From the moment Mcrae clinched the West of Scotland Autotest title in 1985, his story has been well documented. It’s a story folk never tire of telling. Why would you? It was real Boy’s Own stuff from the start, right from clinching the most remarkable results in a Talbot Sunbeam and Vauxhall Nova to standing on top of the world as the most complete and naturally talented individual ever to grace the discipline.

It was his speed and bravery that made his name, but it was his all-round ability and global appeal that cemented his status as the world’s most famous rally driver. Ever.

But all the joy, wonder and happiness he brought to the world’s four corners came to an end on September 15, 2007. It’s a tragedy that Mcrae didn’t make 40, a tragedy that, like his legend, grows ever more powerful with the passing of another decade.

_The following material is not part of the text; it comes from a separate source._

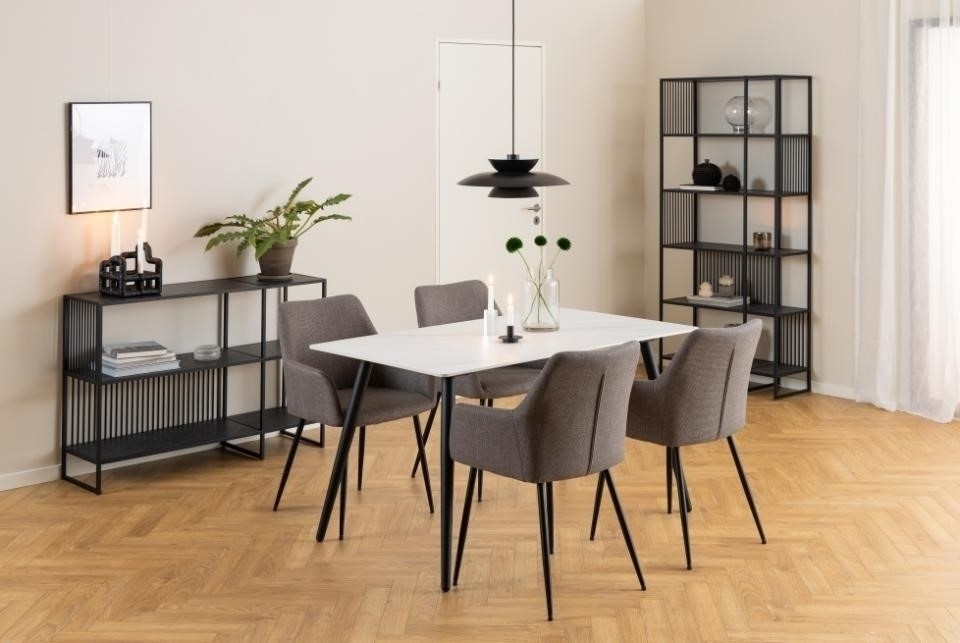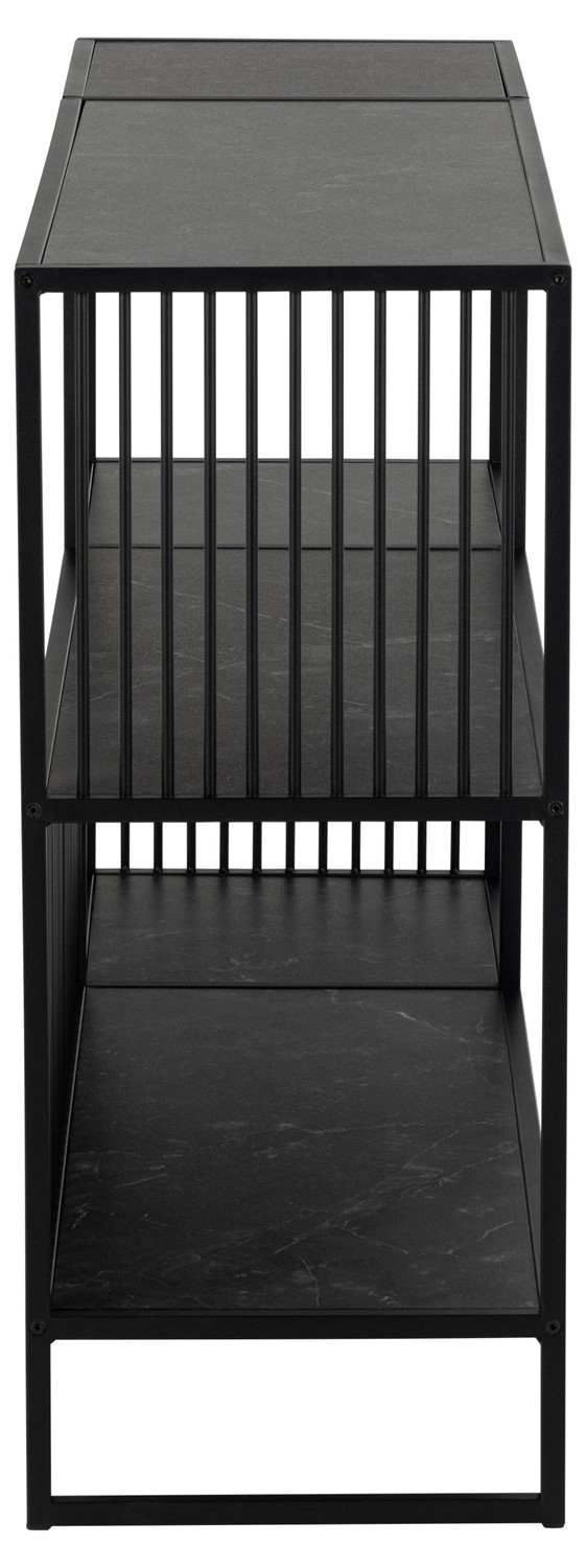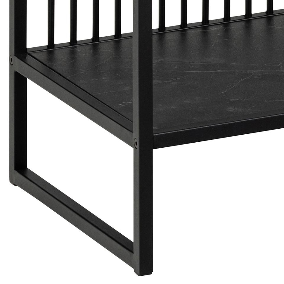 Regał Strington to stylowy dodatek do każdego wnętrza. Jego solidna stalowa rama malowana proszkowo w połączeniu z dwiema półkami ozdobionymi efektem marmuru tworzą harmonijne i nowoczesne rozwiązanie. Pionowe druty w ramie nadają mu charakterystyczny wygląd, a przestronne półki oferują miejsce na dekoracje i pamiątki.

It wasn’t, of course, just Colin that we lost in that accident 11 years ago. His son Johnny and two family friends also died. Johnny would have been 17 this year and there can be little doubt that he would have been in a rally car and winning within days of passing his test.

The Mcrae family specialise­s in chips and blocks: Jimmy, Colin, Alister and Alister’s son Max who is now conquering allcomers in a kart in Western Australia. And will be doing the same in a rally car in Scotland… just as soon as gramps puts his hand in his pocket.

But this week, it’s Cmac specifical­ly we’re missing. Anybody who thinks he’d have matured into a wise, slightly greying, elderstate­sman of the sport offering sage comment and thoughtful insight into the ways and means of the modern-day sport is wrong. Don’t get me wrong… the insight would have been all there, but it would have been delivered with the kind of wit and mischief Mcrae had in abundance. That’s what we’ve missed for the last 11 years, a Colin able to look back, contextual­ise and entertain in a different way.

Like you, Colin was my hero and we owe it to him and his unflinchin­g, hard-charging, flat-over-crest style to never forget him and keep talking about him.

Colin Mcrae… forever young. Forever the best.